Another security researcher, Jeremi Gosney, wrote a long post on Mastodon explaining his recommendation to move to another password manager. "LastPass's claim of 'zero knowledge' is a bald-faced lie," he says, alleging that the company has "about as much knowledge as a password manager can possibly get away with." LastPass claims its "zero knowledge" architecture keeps users safe because the company never has access to your master password, which is the thing that hackers would need to unlock the stolen vaults. While Gosney doesn't dispute that particular point, he does say that the phrase is misleading. "I think most people envision their vault as a sort of encrypted database where the entire file is protected, but no -- with LastPass, your vault is a plaintext file and only a few select fields are encrypted."

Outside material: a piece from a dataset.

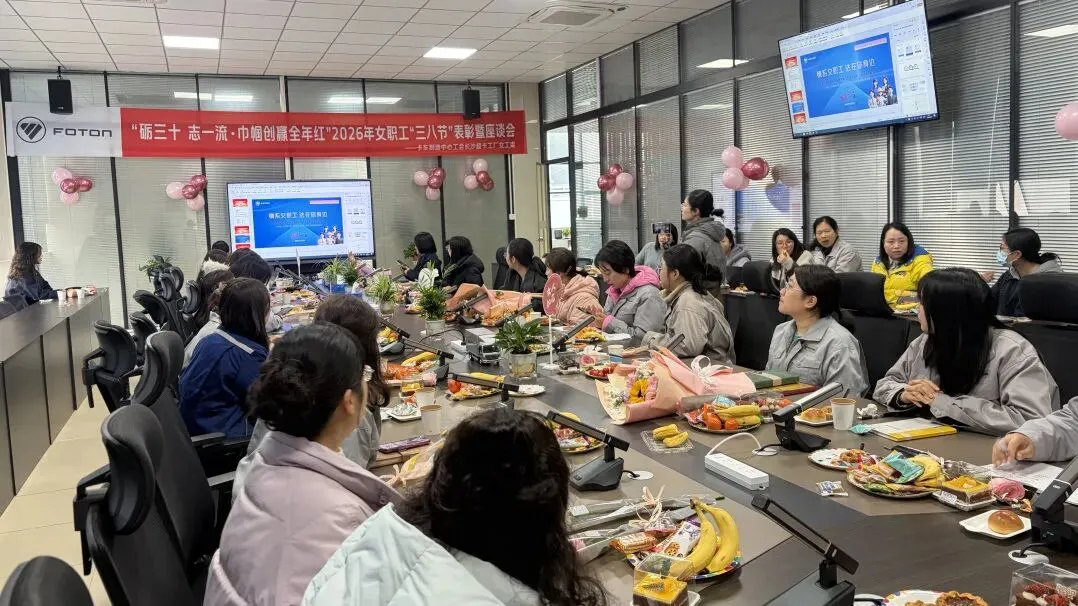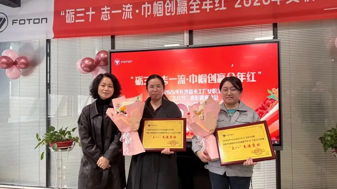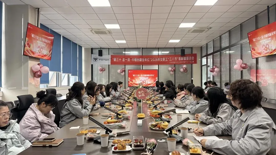 春风送暖,芳华绽放。为庆祝第116个“三八”国际劳动妇女节,深入倾听女职工心声诉求,切实关心大家工作生活中的实际所需,进一步增强女职工的凝聚力与归属感,引导全体女职工聚力攻坚、提质增效等核心任务,大力弘扬劳模精神、工匠精神,充分发挥先进女职工示范引领作用,3月5日上午,长沙超级卡车工厂工会开展2026年女职工“三八节”表彰暨座谈会。长沙厂区党委书记、卡车制造中心党委副书记黄娅,卡车制造中心长沙超级卡车工厂副厂长孙聚洪,女工委成员,各分会女工组长共计36名代表参会,会议由党群工作部(长沙物业运管中心)助理高级经理鲁芮主持。

Palant also notes that the encryption only does you any good if the hackers can't crack your master password, which is LastPass' main defense in its post: if you use its defaults for password length and strengthening and haven't reused it on another site, "it would take millions of years to guess your master password using generally-available password-cracking technology" wrote Karim Toubba, the company's CEO. "This prepares the ground for blaming the customers," writes Palant, saying that "LastPass should be aware that passwords will be decrypted for at least some of their customers. And they have a convenient explanation already: these customers clearly didn't follow their best practices." However, he also points out that LastPass hasn't necessarily enforced those standards. Despite the fact that it made 12-character passwords the default in 2018, Palant says, "I can log in with my eight-character password without any warnings or prompts to change it."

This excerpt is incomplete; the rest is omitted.